INPUT RECORDS =>
○ ○ ○ ○ ○ ○ ○

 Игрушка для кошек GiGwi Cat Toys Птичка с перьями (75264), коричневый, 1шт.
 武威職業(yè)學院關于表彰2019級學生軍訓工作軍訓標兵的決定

○ ○ ○ ○ ○ ○ ○

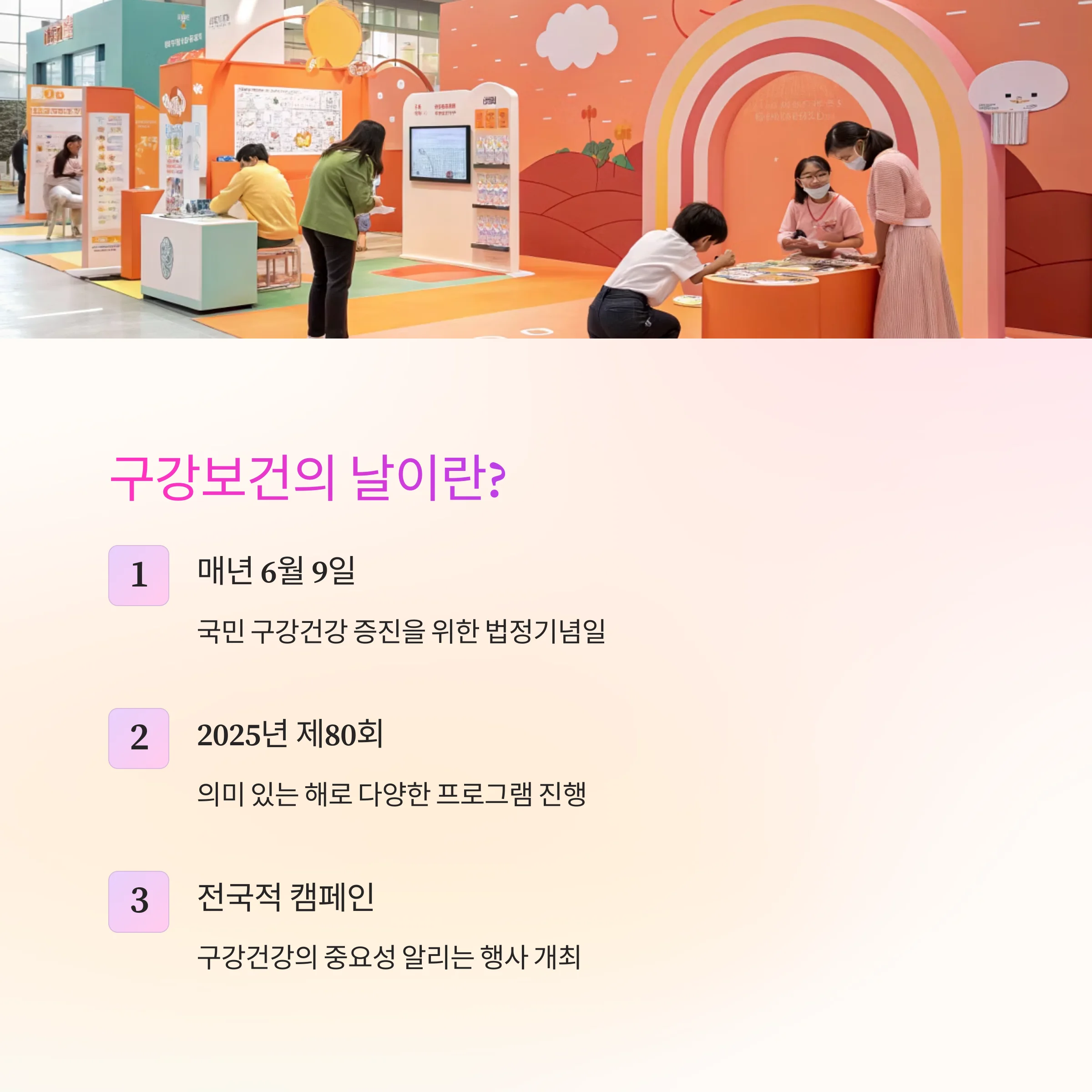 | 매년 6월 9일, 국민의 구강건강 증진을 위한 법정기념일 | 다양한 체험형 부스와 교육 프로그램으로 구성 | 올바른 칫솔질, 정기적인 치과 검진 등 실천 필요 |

○ ○ ○ ○ ○ ○ ○

WHAT NEEDS TO BE DONE => Using the entries above, give again exactly the lines from the line holding "Игрушка для кошек" through the line holding "武威職業(yè)學院關于表彰2019級學生軍訓工作軍訓標兵的決定". Include both end lines and nothing else.

TASK ANSWER =>
 Игрушка для кошек GiGwi Cat Toys Птичка с перьями (75264), коричневый, 1шт.
 武威職業(yè)學院關于表彰2019級學生軍訓工作軍訓標兵的決定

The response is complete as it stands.